Statistical analysis was performed using software R.v.11.0 and SPSS v15.0. (SPSS Inc., Chicago, IL, USA). The variables considered were morphological classification of VMT (V-shaped or J-shaped); diameter classification of VMT (focal or diffuse); CMT (micron) and the maculopathies (absent or present): retinoschisis; retinal irregularity; MH; subfoveal retinal detachment; ERM and CME. For statistical purposes, the decimal BCVA values were converted to the logarithm of the minimum angle of resolution (logMAR) visual acuity. The concordance between the classification proposals was analyzed using the kappa coefficient. The association between the maculopathies and the classifications was analyzed using the Fisher test and the relation between maculopathies and CMT was studied based on Mann-Whitney nonparametric test. For all analyses, P<0.05 was considered significant.

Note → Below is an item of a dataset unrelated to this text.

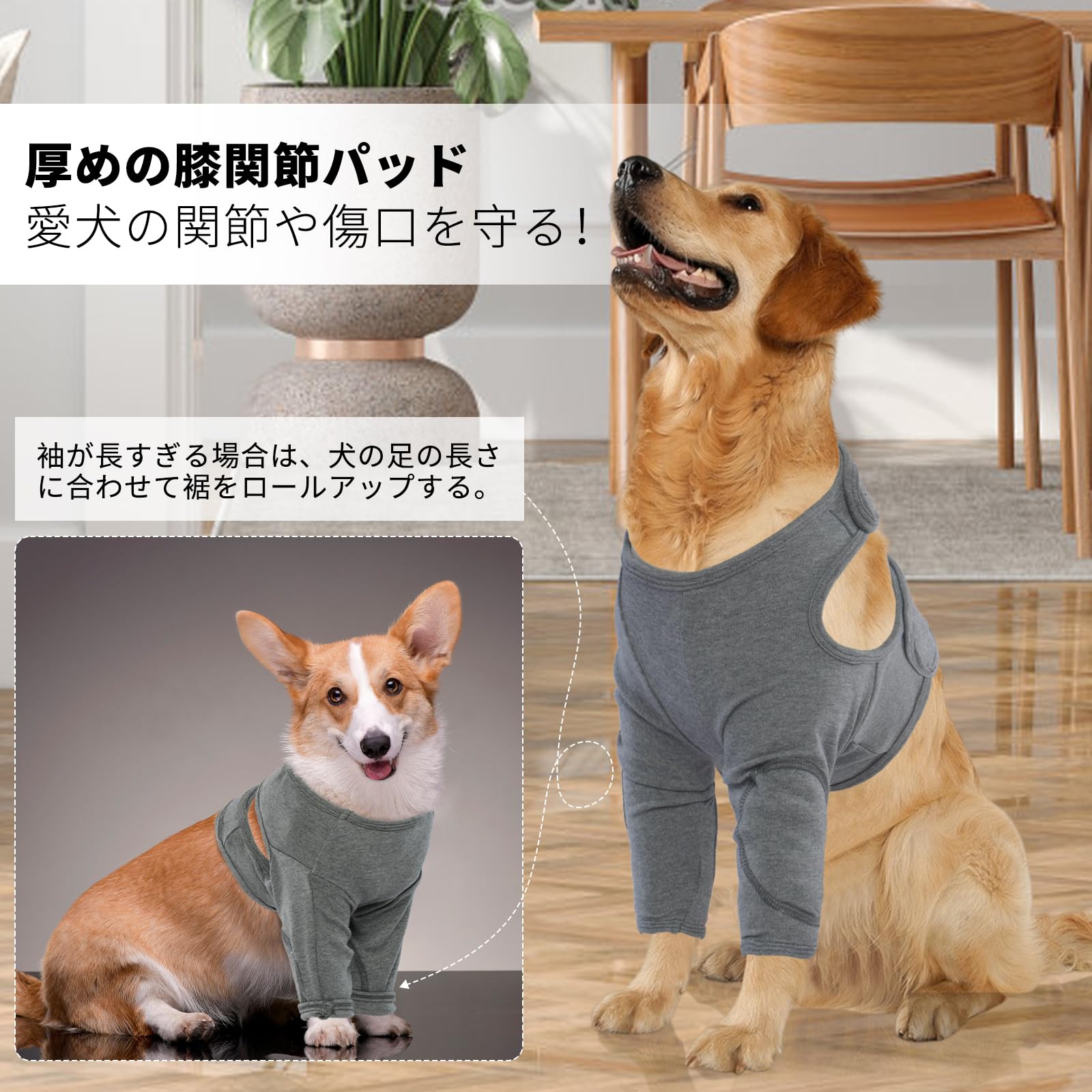厚くなった関節パッド:リカバリーカバーの厚くなったパッドは、愛犬が床に横たわっている時の摩耗や損傷から愛犬の関節を保護します。 また、保護服は、愛犬が怪我を悪化させないために必要なサポートを提供し、同時に最適な快適性と保護性を提供します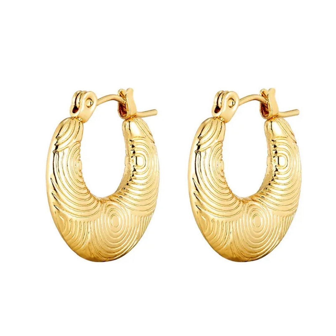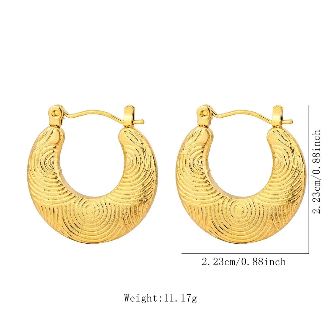 These anti tarnish golden hoop earrings are the perfect addition to your jewelry collection. They feature a protective coating that prevents tarnishing, ensuring long-lasting shine. With a sleek and modern design, these earrings will elevate any outfit. Invest in quality and style with these new hoop earrings.

We certify that all applicable institutional and governmental regulations concerning the ethical use of human volunteers were followed during this research.
Results
Fifty-three patients (mean age, 63 years; range, 27–79 years) with the diagnosis of VMT syndrome were evaluated. Thirty patients were men (57%). The mean duration of symptoms (low visual acuity and/or metamorphopsia) was 10 months.
The HD-OCT images showed V-shaped VMT in 29 cases and J-shaped VMT in 24 cases. Considering the same patients, 25 cases had focal VMT and 28 cases had broad VMT. High correlation was seen between V-shaped and focal VMT and between J-shaped VMT and broad VMT (kappa=0.850; P<0.001), except in four cases classified as V-shaped VMT and broad adhesions simultaneously (Table 1).
Table 1. Concordance between the classifications for VMT syndrome.
| Diameter classification | Total | ||
|---|---|---|---|
| |
Broad |
Focal |
|
| Morphological classification | |||
| J-shaped | |||
| n | 24 | 0 | 24 |
| % | 45.3% | 0% | 45.3% |
| V-shaped | |||
| n | 4 | 25 | 29 |
| % | 7.5% | 47.2% | 54.7% |
| Total | |||
| n | 28 | 25 | 53 |
| % | 52.8% | 47.2% | 100,0% |
Kappa=0.850; P<0.001.
V-shaped VMT and focal VMT were highly correlated with prominent CME. Thirty-four eyes (64.15% of all cases) had prominent CME. Twenty-one of them (84% of focal cases) were associated with focal-based VMT while 13 patients (46.42% of broad cases) with broad-based VMT presented CME. MHs were also related to V-shaped and focal VMT (37.93% and 44%, respectively). All the five cases of subfoveal detachment were found in V-shaped and focal VMT.
J-shaped VMT and broad VMT were associated with diffuse retinal thickening (62.50% and 64.28%, respectively). A hyperreflective linear signal on the macular surface, consistent with an ERM, was seen in 30 (56.6%) patients. Among these 30 patients with ERM, 26 (92.85% of the 28 broad cases) had broad-based VMT, and only 4 cases (16% of the 25 focal cases) with focal VMT had an ERM (Table 2).
Table 2. Association between maculopathies and classifications based on morphological and diameter of VMT syndrome.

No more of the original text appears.